[Data records]
------------------------------------------------------------
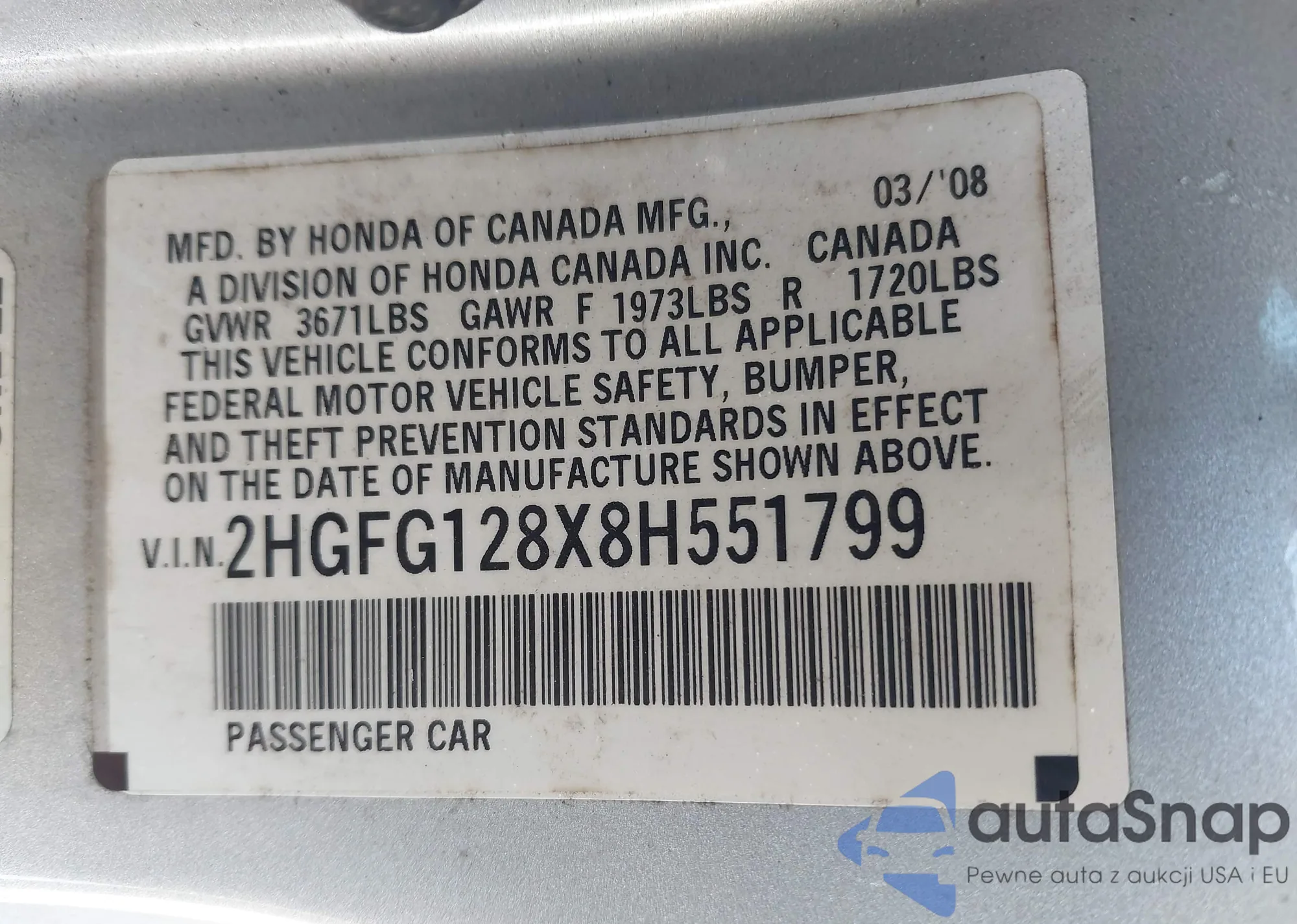 • VIN 2HGFG128X8H551799
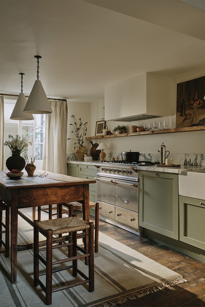 We retained the original kitchen carcasses for both sustainability and budgetary reasons, then added bespoke shaker-style doors painted in a soft olive green to nod to traditional joinery. The worktops and upstands were replaced with Calacatta Verde marble, chosen for its painterly movement and gentle green veining. Overhead cupboards were removed in favour of a single timber shelf, lending the space a more open and considered aesthetic. The extractor was boxed in and finished by hand in plaster so it would feel more architectural and less like an appliance.
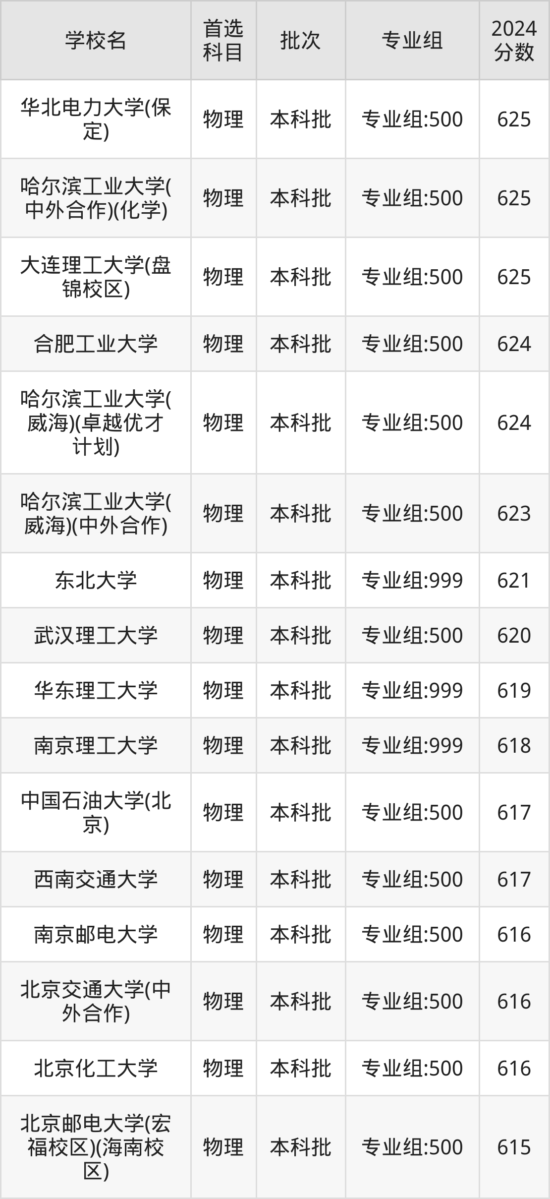 首选物理科目考生能上的有16所,全部在本科批次录取。具体有:华北电力大学(保定)专业组:500(625分)、哈尔滨工业大学(中外合作)(化学)专业组:500(625分)、大连理工大学(盘锦校区)专业组:500(625分)、合肥工业大学专业组:500(624分)等;
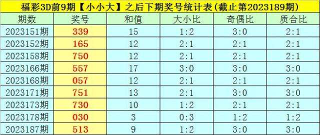 一、上期回顾:福彩3D第2023189期奖号为:327,奖号类型开出组六,大小比为1:2,奇偶比为2:1,和值为12,跨度为5,012路比为1:1:1。
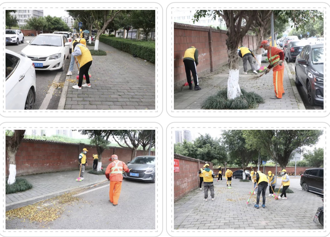 随后,队员们到街道上帮助环卫工人打扫街道。由于前一天天气原因,街上散落着许多树叶,每一个人都干劲十足地打扫树叶,体会着环卫工人的辛苦。队员在清扫落叶时不时与环卫叔叔阿姨拉家常,听到他们每天凌晨三点就出来清扫大街,晚上十一点才结束一天的工作时,队员们的心不禁揪了一下,当大多数人都还在温暖的被窝里做着甜美的梦时,他们却风雨无阻、无论烈日严寒,坚守在自己的岗位上,给我们的城市带来整洁与干净,真是深刻的感恩教育和劳动教育。
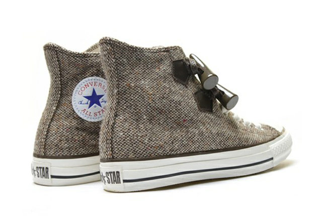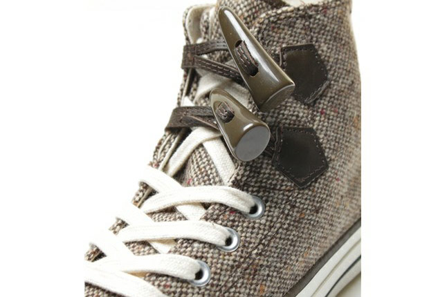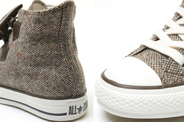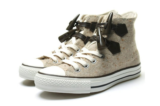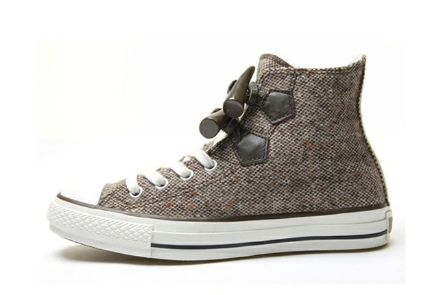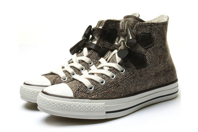 « Think global, act global », telle est la devise de la Converse ! La marque américaine propose des collections spécifiques en fonction des régions. Ainsi, vous trouverez au Japon des modèles Converse, introuvables en Europe (ce qui est loin de déplaire à ceux et celles qui sont à la recherche d’un style unique !). La Converse All Star Chuck Taylor « duffle Coat » m’a tapé dans l’œil ! Son design est atypique. La sneaker utilise des brandebourgs (les petits cônes incurvés de bois spécifiques au manteaux « duffle coat »). En plus de cela, la matière principale est le tweed (pour garder ses pieds bien au chaud cette hiver !). Deux coloris sont à votre disposition.
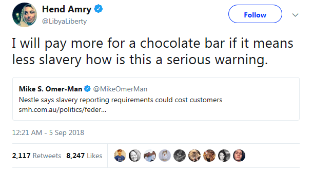 I WOULD PAY TEN TIMES AS MUCH FOR CHOCOLATE IF IT MEANT REDUCING THE AMOUNT OF SLAVES IN THE WORLD? HOW IS THIS ANY KIND OF PROBLEM.
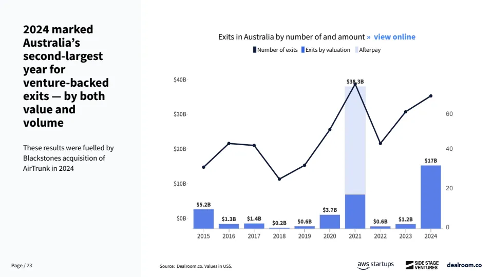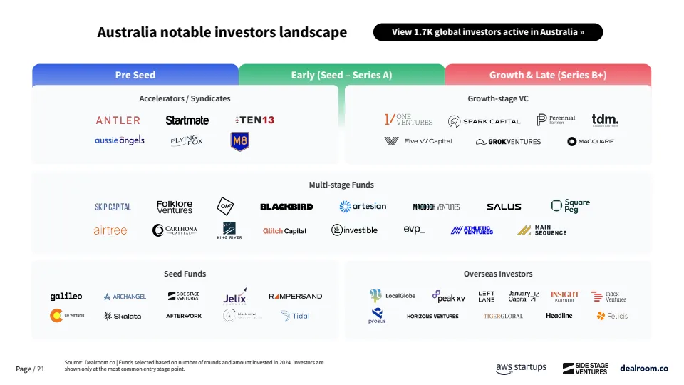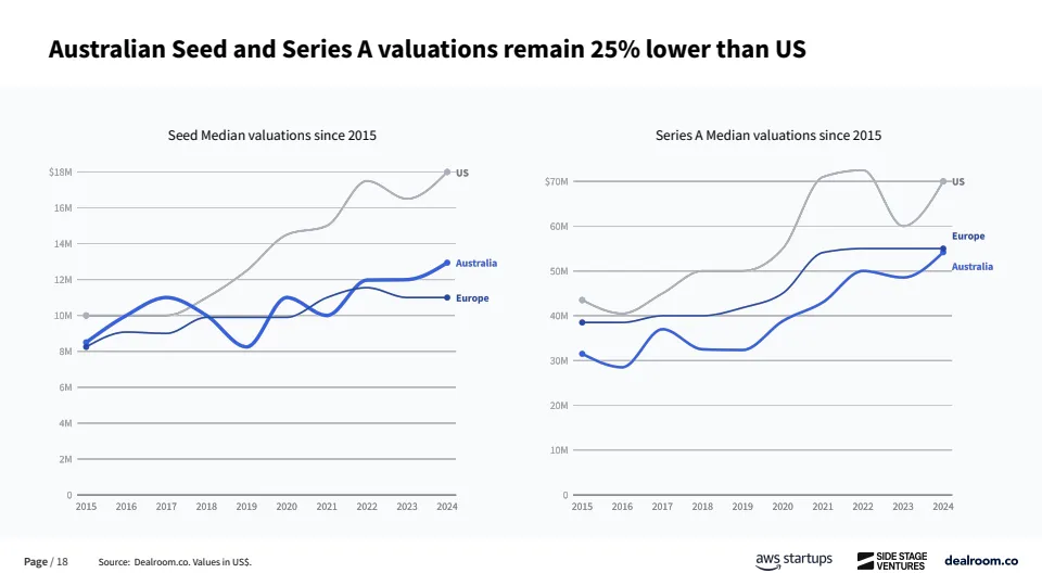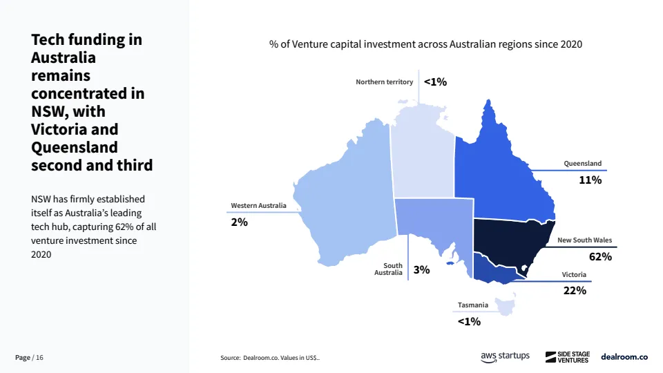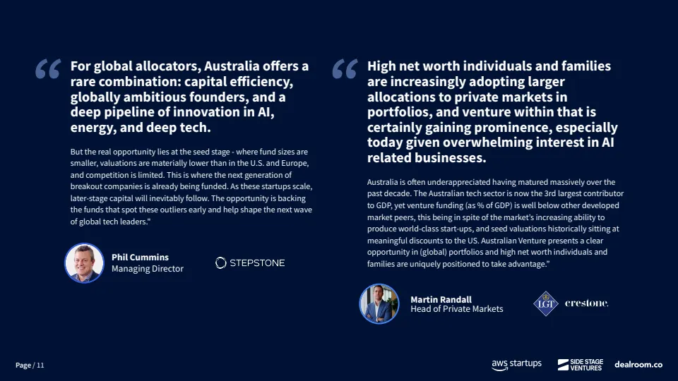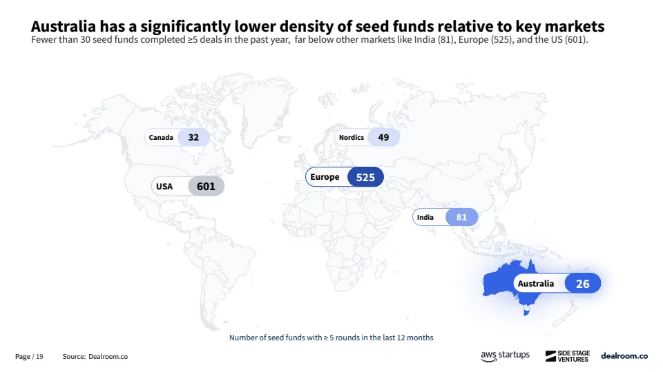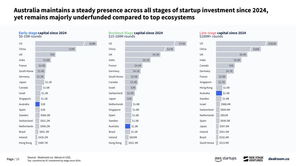 资金来源方面,澳大利亚对海外资本依赖度显著高于主要经济体。自2023年以来,早期阶段资金中仅61%来自本土投资者,约39%依赖海外资金,而欧洲和美国本土资金占比分别为73%和80%。这在一定程度上反映出本地早期资本供给不足,也为全球LP和跨境VC提供了估值更低、竞争更小的进入窗口。
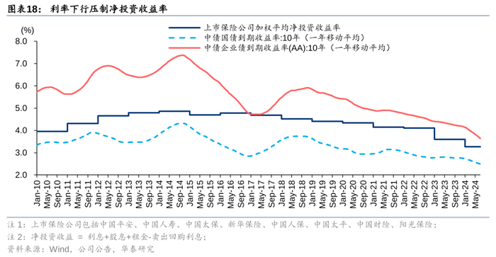 在过去的10多年中,上市公司的NIY基本处于无风险利率和AA信用债收益率之间。2013-2017年,上市保险公司平均NIY达到5.0%左右,属于相当高的水平。这一阶段10年期无风险利率最高触及4.5+%,为高投资收益率创造了良好的利率环境。2018年后,伴随着市场利率的不断走低,保险NIY也节节下行。2023年以来的利率快速下行对险资带来较大压力,平均NIY从2022年的4.1%下降至1H24的3.3%。需要指出的是上半年的NIY通常会被低估,因为大部分股息收入是下半年发生的。但利率下行的压力是显而易见的。
------------------------------------------------------------
**PROBLEM STATEMENT**
Give back exactly, and solely, the section of the data above bounded by the line containing "We retained the" and the line containing "首选物理科目考生能上的有16", both bounding lines included and pictures omitted.

**TASK OUTPUT**
 We retained the original kitchen carcasses for both sustainability and budgetary reasons, then added bespoke shaker-style doors painted in a soft olive green to nod to traditional joinery. The worktops and upstands were replaced with Calacatta Verde marble, chosen for its painterly movement and gentle green veining. Overhead cupboards were removed in favour of a single timber shelf, lending the space a more open and considered aesthetic. The extractor was boxed in and finished by hand in plaster so it would feel more architectural and less like an appliance.
 首选物理科目考生能上的有16所,全部在本科批次录取。具体有:华北电力大学(保定)专业组:500(625分)、哈尔滨工业大学(中外合作)(化学)专业组:500(625分)、大连理工大学(盘锦校区)专业组:500(625分)、合肥工业大学专业组:500(624分)等;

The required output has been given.